安田成美の「一息しましょ」を皮切りに、 公園のベンチでとんねるず 扮するちょっと疲れたサラリーマン、矢沢永吉の「まいったなぁ」、クリントンに「テルミーガツン!!」と言われる中間管理職のおっさん。

松田優作の「Jack」は例外としても、ほとんどの缶コーヒーCMのシチュエーションは、ある種「ほっとするための精神安定剤」的な位置付けを確立してしまった感がある。

極め付けは、飯島直子のジョージア。

「たまんねぇよなあ。早くおわんねえかなあ。てなことかな」(長い会議で疲れた男たちに)

「アッチィよねぇ。そんなに熱くなっちゃって!このぉ!」(汗だくで公衆電話をかける男に)

「言っちゃえよ。ガツンと言っちゃえよ。ガッツーン!とは言えないかあ。」(上司に叱られている男に)

ちょっと乱暴で揶揄するような口調だが、叱られたり、たしなめられたりすることが、むしろうれしいマザコン世代の男にはたまらないセリフだ。

缶コーヒー、イコール「癒し商品」「ほっと一息する商品」 というイメージは、「疲れている男たち」と「疲れを癒す女」という幻想が一人歩きした飯島直子出演の「ジョージア」で決定づけられたと言ってよい。

誰かに言って欲しい一言を飯島直子が代弁してくれた。

だから、「本当は疲れていない男たち」も「何となく疲れた気分」になって癒された気分になった。先述した「自己同一化」だ。

彼女が呼びかけた「やすらぎパーカープレゼント」は4435万152通の応募、第二段の「がんばってコート」は4403万5861通の応募があったそうな。

のべ人数で換算すると日本国民の3分の2が応募をしたことになる。

恐らく1人で何通も応募をした人間が何千人もいることは想像に難く無いが、ともにプレミアム史上の記録を塗り替えた応募数だそうで、それだけ圧倒的な支持を受けたということは確かだ。

それほどまでに時代は「やすらぎ」と「がんばって」の慰めを求めているのだろうか。

違うと思う。

もちろん、こんな御時世だから「不景気」と「疲れ」を関連づけて語ることは簡単だ。

だが、本当にそうだろうか。

「不景気」の煽りでリストラや解雇された人間は、仕事が無いんだから疲れようが無いではないか(もちろん精神的な疲れはあるかもしれないが)。

缶コーヒーCMも、コークのCMや「明日に架ける橋」の手法と同様、欲望の喚起を設定し、商品を欲望の代償とする手法と何ら変わりがないような気がする。
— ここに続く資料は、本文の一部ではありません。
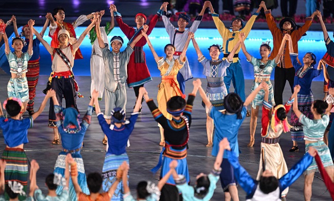 11月26日,第十二屆全國少數民族傳統體育運動會(以下簡稱“運動會”)按下競賽“暫停鍵”,切入到攜手游園、載歌載舞、共敘情誼的民族大聯歡活動中。56個民族的運動員代表,穿著絢麗多彩的民族服飾,手拉手心連心,唱響民族團結一家親。
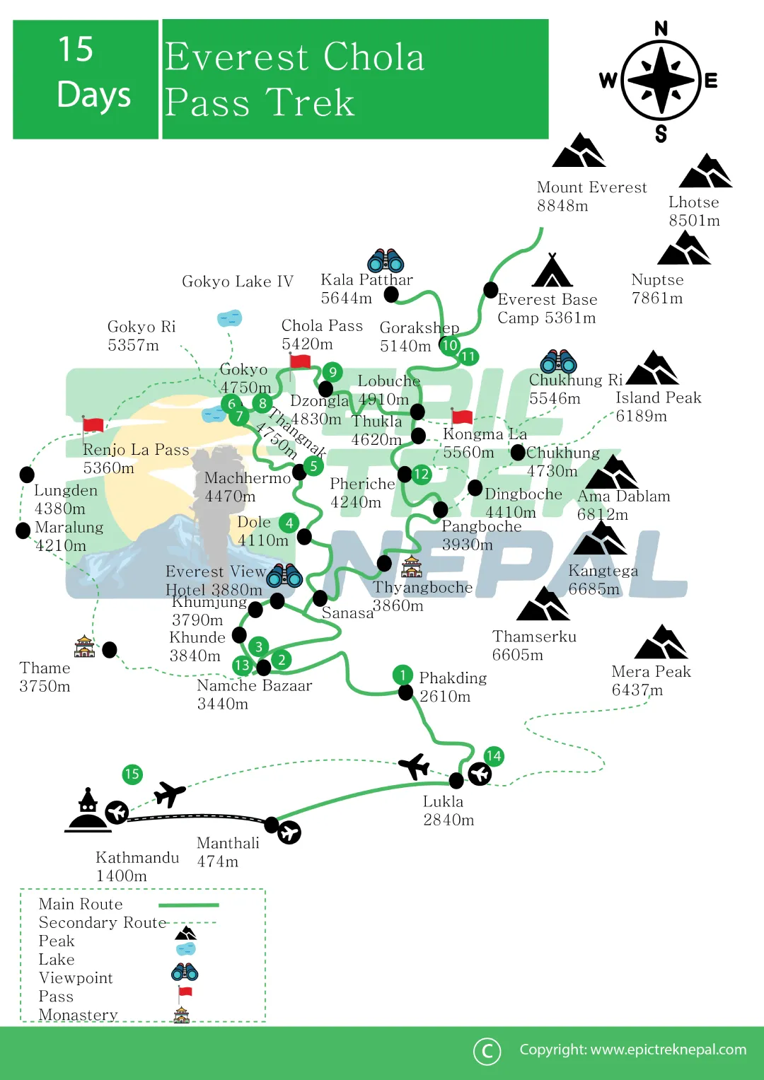 Gokyo Chola Pass Trek - Distance, Duration, and Altitude
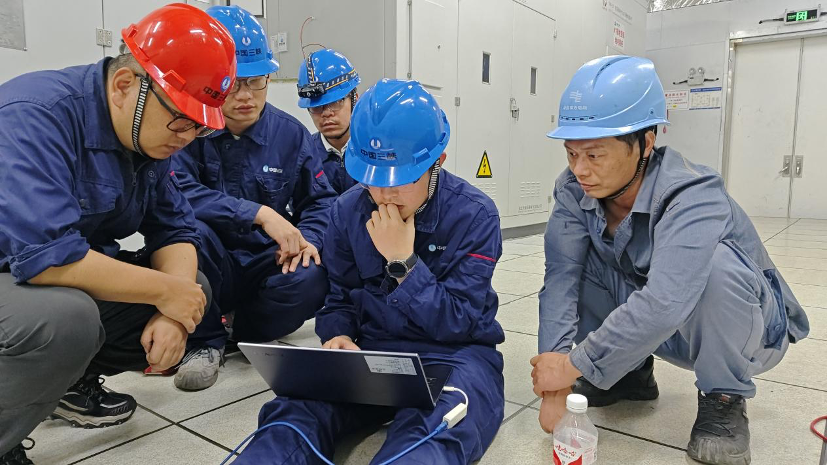 ▲ 峡沙海上升压站内,阳江项目部运维人员围在电脑前排查故障原因。
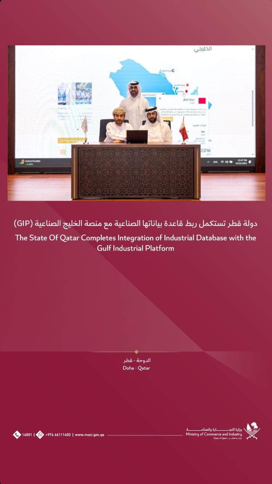 The Ministry of Commerce and Industry of the State of Qatar highlights the completion of the API integration of its industrial data with the Gulf Organization for Industrial Consulting as part of the requirements for the Gulf Industrial Portal (GIP)
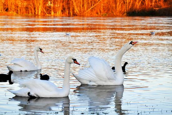 Wallpaper Black swans in a pond against a beautiful green forest, Japan

送り手の勝手な「精神的つき落とし」を喰らわされた人間が、勝手に「自己同化作用」をおこして「疲れた気分」になっているだけなのではないだろうか。

本当に「疲れている人」は缶コーヒー程度では癒されないよ。缶コーヒー程度で癒される疲れは、当然疲れの部類には入らないし、視聴者も馬鹿じゃないから、それぐらいは気がついているはずだ。
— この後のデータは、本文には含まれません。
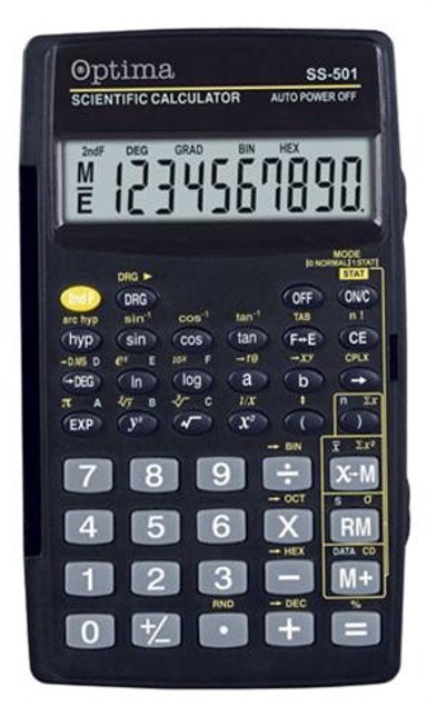 OPTIMA Tehnički kalkulator SS-501 pruža 150 funkcija i automatsko isključivanje uz čvrste tipke, savršen za osnovne i srednje tehničke izračune.
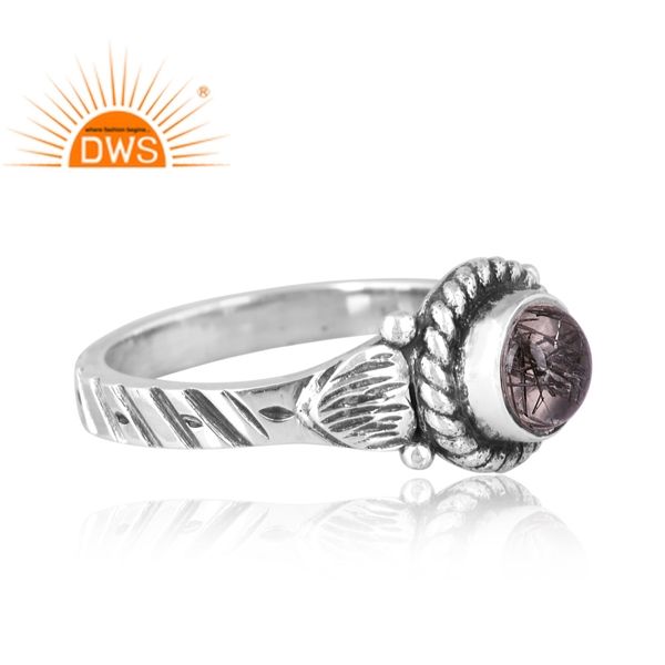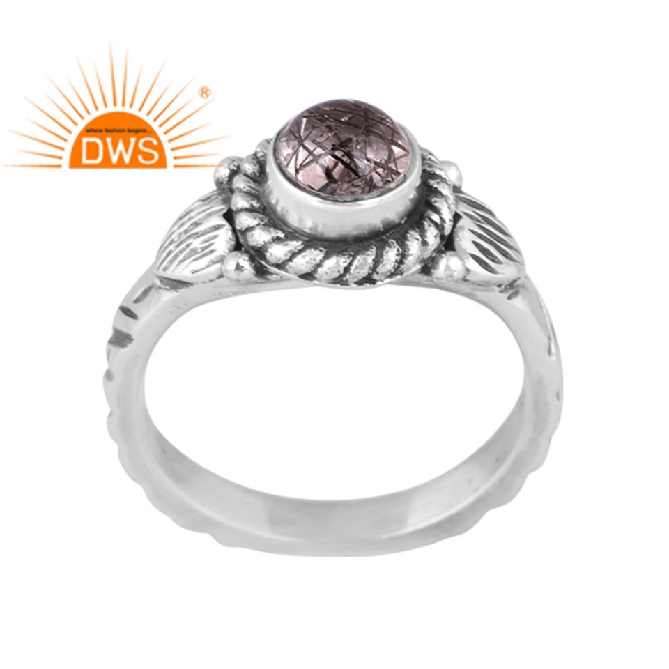 แหวนอัญมณีสังเคราะห์สีดำธรรมชาติสีเงินสเตอร์ลิงออกซิไดซ์

では、「癒しCM」がなぜあれほどの支持を受けているのか。

「疲れた自分が癒される」というストーリーが欲しいということに他ならない。そのためには、疲れていない人も一旦疲れてみる必要がある。

そうしないと「がんばって」と応援してもらえないからだ。

と、ここまで書いてきたところで、俺は一体何を言いたいのかというと、たった一言だけだ。

疲れてない奴まで疲れた気分になるな!働け!!

以上だ。

記:1999/05/04


※参考文献
『よいこの広告』(宝島社)
『広告のヒロインたち』(岩波新書)
『広告頭脳』(河出書房新社)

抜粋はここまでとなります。